Al: Let's review your symptoms one more time, Harvey. Lack of
movement, rear end is hard and plastic-like, emits a strange whirring
sound. Oh! I know what it is! Harvey's just being sucked into the
vacuum cleaner, that's all.
Bobbie: What would happen if I never brushed my teeth?
Al: Well, now there's a very pressing question, Bobbie. Say, why don't
we just stop everything and watch this incredibly entertaining and
instructive movie.
Announcer: We use our teeth everyday. To smile and to bite things. But
what happens if we neglect our teeth? They might wind up looking like
this or this or this. Ewww!
So how can we keep our teeth healthy and
clean? First of all, visit your dentist every day and bring along a
friend to watch. Also, when you eat cake, chew with your mouth closed.
Don't be a pig. When you eat stinky food, hold your nose. And don't
eat too many sugar cubes either. It's also a good idea to check your
teeth in a mirror every five minutes or so just to make sure they're
still there. And most importantly, learn the proper way to brush. A
lot of kids try to brush their teeth without actually putting the
toothbrush inside their mouths, like these kids. Silly. Brushing your
cheek doesn't do any good. you've got to take your teeth out of your
mouth first, and then brush them!
So remember, brush! Brush as if your
life depended on it. Be nice to your teeth, or else you'll have to
eat everything through a straw.
Alex Trebek: Hi. I'm Alex Trebek. Would you like to make more
money? Impress your friends? Be like me and know everything in the
world? Sure you would! And now the Know-It-All Correspondence School
can help. With courses in Molecular Biology, Nuclaer Waste Management,
Air Traffic Controlling, Aardvark Training, Bellybutton Lint Recycling,
UFO Restoration and Repair, Unleashing Your Inner Robot, Frog
Cosmetology, Accounting, and so many more.
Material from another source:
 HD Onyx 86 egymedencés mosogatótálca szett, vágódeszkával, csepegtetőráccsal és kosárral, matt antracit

With the Know-It-All
Correspondence School, you can know it all, in no time at all! Call
Know-It-All now, and start learning today.
Albert Einstein: I did.
Al: Pretty soon, I'm going to be the most educated guy you've ever
met!
Delivery Guy: Gee, that's, that's really good. Let me just find a pen
for you here, okay? Would you mind holding this? It's my PhD in
Anthropology, my degree in Quantum Physics. Oh, Nobel Prize. Oh, here
we go. Here's a pen. You're going to need something to bear down on,
though. Here, use my Master's thesis on sub-atomic particles. Here we
go, all ready! Thanks a lot! Oh, and good luck.
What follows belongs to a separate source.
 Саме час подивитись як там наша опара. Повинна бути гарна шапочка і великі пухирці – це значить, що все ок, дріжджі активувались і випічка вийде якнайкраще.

Al: Hey! 30 Seconds to Martial Arts Mastery! Now this sounds
cool! "To begin your martial arts training, look behind you."
Kuni: Hi-ah! Hello, little sensei! My name is Kuni, I will be your
Judo instructor for the next 30 seconds.
Al: Okay, well what do I--
Kuni: No questions! We are on a very serious schedule here! Now, the
martial arts I am to teach you are only to be used for defense, not
for attack. Let's begin. Attack me!
Al: But you said that--
Kuni: I know what I said. Attack me!
Al: Okay. AAAAAH!
(Al sharges Kuni and Kuni disposes of Al)
Al: Ow! Well, that was kind of painful.
Kuni: Well, what do you expect? You attack me! Ah, with pain comes
wisdom, little wood tick.
Kuni: YOU'RE SO STUPID!
Al: Hey! It happened! My spirit left my body! Okay, concentrate.
What's my purpose in life? How do I want to use this limitless
oportunity? I think I'll watch some TV!
Announcer: Can't sleep? Congested? Runny nose? Sore throat, nagging
cough? Fever and sinus infection? Dizzy, nauseous, disoriented?
Constipated? Memory loss? A little crazy? Can't shake your evil self?
Haunted house? Knight in shining armor? CIA agent? Upside down
person? Golden retriever? Huge beach ball? Miss America? Flying
monkeys?
(Al turns off TV)
(Al studying from books)
Al: "The blue nostriled pigeon keeps its young inside its left ear
for the entire period of gestation."
(Close book and picks up another one.)
"King Henry III had a wart on his kneecap in the shape of a small
poodle."
Announcer: Camp Superfun! Hey everybody, want to have some fun this
summer? Try Camp Super fun! Camp Superfun is the perfect camp for
shapeless, tall furry animals between the ages of 6 and 13! See you
later, Mom and Dad! Camp Superfun! Jump in! It's super fun!
Al: You know, our time is about up for this week, but I hope we've
all learned an important lesson here today. And that is that real
knowledge can't be paid for in three easy installments of $19.95;
real knowledge takes work and sacrifice and PIZZA! And a really good
reading lamp so you don't hurt you reyes. So until next week, remember
to always, always, always wear shark repellent because you never know
when one's gonna -- AAAAAHHH!
(Al falls down as a shark attacks him.)